Russell Brand “exemplifies” the problems of our culture

Brand in 2014. Dan Kitwood/Getty

“I think I’m worse than normal people,” said Russell Brand in October 2014. At the time, says Will Lloyd in The Times, the comedian was “selling himself as a revolutionary”, advocating in vague terms for eradicating the nation state and overturning “corporate tyranny, ecological irresponsibility and economic inequality”. Soon after, he ranked fourth in Prospect magazine’s list of the “world’s 50 most influential thinkers”, ahead of German philosopher Jürgen Habermas and Indian author Arundhati Roy. By May 2015, Ed Miliband was seeking his endorsement in that year’s general election. Joined onstage by leftie columnist Owen Jones, Brand mostly discussed himself: “I want attention. I want women. I want drugs. I want food. I want, I want, I want. I exemplify the problems of our culture… I’m a viciously authoritative, controlling man.”
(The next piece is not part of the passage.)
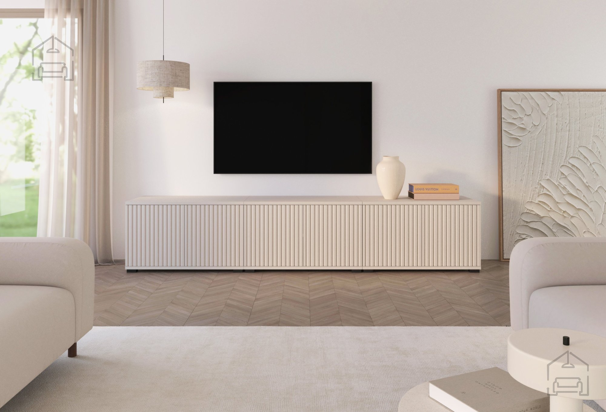 TV komoda Rayo 210 – PKMebel je sodobno zasnovan kos pohištva, ki združuje preprosto eleganco, funkcionalnost in kakovostno izdelavo. S svojim umirjenim videzom v barvi kašmir se zlahka ujema z različnimi slogi notranje opreme, od minimalističnih do klasičnih dnevnih sob. Njene čiste linije in uravnoteženi proporci ustvarjajo občutek reda in prostornosti, medtem ko premišljeni materiali zagotavljajo trpežnost in enostavno vzdrževanje.

Today, Brand hawks his anti-establishment shtick directly to more than six million YouTube subscribers. His online cheerleaders include Jordan Peterson, Elon Musk and Laurence Fox. In his video denying the allegations, he asked: “Is there another agenda at play?” This is classic Brand. You either question everything or you are on the side of the “bankers, the big pharmaceutical companies, the warmongers”. But the 48-year-old is right about one thing. “He really does exemplify the problems of our culture.” On the same day he was accused, polling found that a third of British adults “regard the system as broken and are highly suspicious of those they hold responsible”. A similar poll in January found that 38% of the population agrees the world is “controlled by a secretive elite”. There has always been a credulous market for “nonsense solutions to non-existent problems”. What’s incredible is how large it has become, and how many are willing to lose themselves in it. “This is Russell Brand’s Britain.”